| ABOUT THIS TASK |
Using the data that follows, output only the lines from the line with "When you have sinus, record" up to and including the line with "He entered a", exactly, leaving pictures aside.

| EXCERPTED RECORDS |

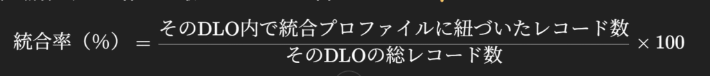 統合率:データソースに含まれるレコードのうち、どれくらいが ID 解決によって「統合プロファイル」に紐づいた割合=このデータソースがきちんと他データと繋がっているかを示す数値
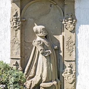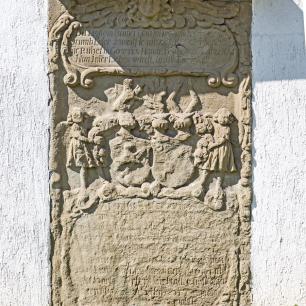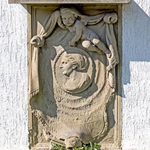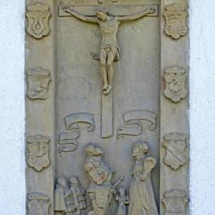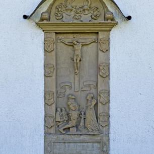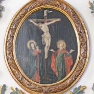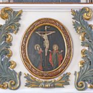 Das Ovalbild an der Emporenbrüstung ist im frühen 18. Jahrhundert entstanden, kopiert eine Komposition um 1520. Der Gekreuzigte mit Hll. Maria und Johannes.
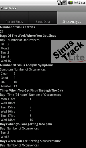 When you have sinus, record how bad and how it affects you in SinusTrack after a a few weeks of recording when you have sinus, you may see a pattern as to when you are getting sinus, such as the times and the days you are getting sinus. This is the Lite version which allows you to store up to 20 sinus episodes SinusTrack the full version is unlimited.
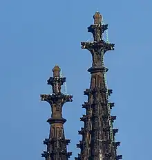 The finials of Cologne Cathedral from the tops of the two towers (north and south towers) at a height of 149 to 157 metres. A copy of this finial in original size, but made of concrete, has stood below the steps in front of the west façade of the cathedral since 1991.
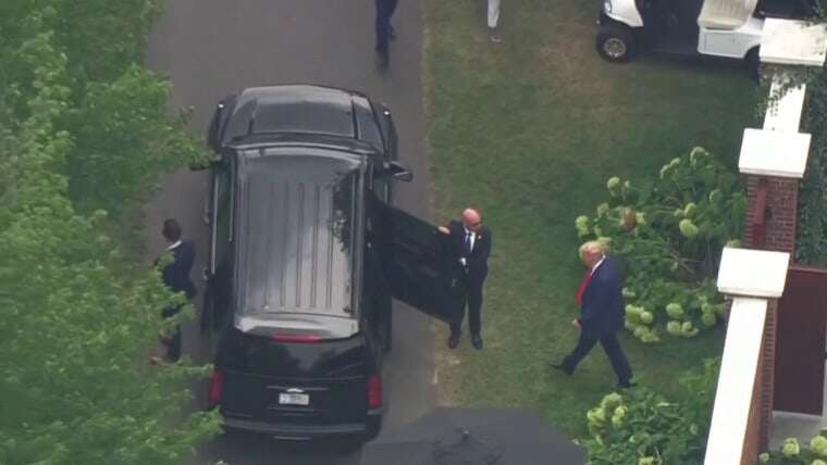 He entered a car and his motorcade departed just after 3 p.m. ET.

==

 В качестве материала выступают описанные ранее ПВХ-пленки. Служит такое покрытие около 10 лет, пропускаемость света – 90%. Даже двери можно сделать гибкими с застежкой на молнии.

| ANSWER FOR THIS EXERCISE |
 When you have sinus, record how bad and how it affects you in SinusTrack after a a few weeks of recording when you have sinus, you may see a pattern as to when you are getting sinus, such as the times and the days you are getting sinus. This is the Lite version which allows you to store up to 20 sinus episodes SinusTrack the full version is unlimited.
 The finials of Cologne Cathedral from the tops of the two towers (north and south towers) at a height of 149 to 157 metres. A copy of this finial in original size, but made of concrete, has stood below the steps in front of the west façade of the cathedral since 1991.
 He entered a car and his motorcade departed just after 3 p.m. ET.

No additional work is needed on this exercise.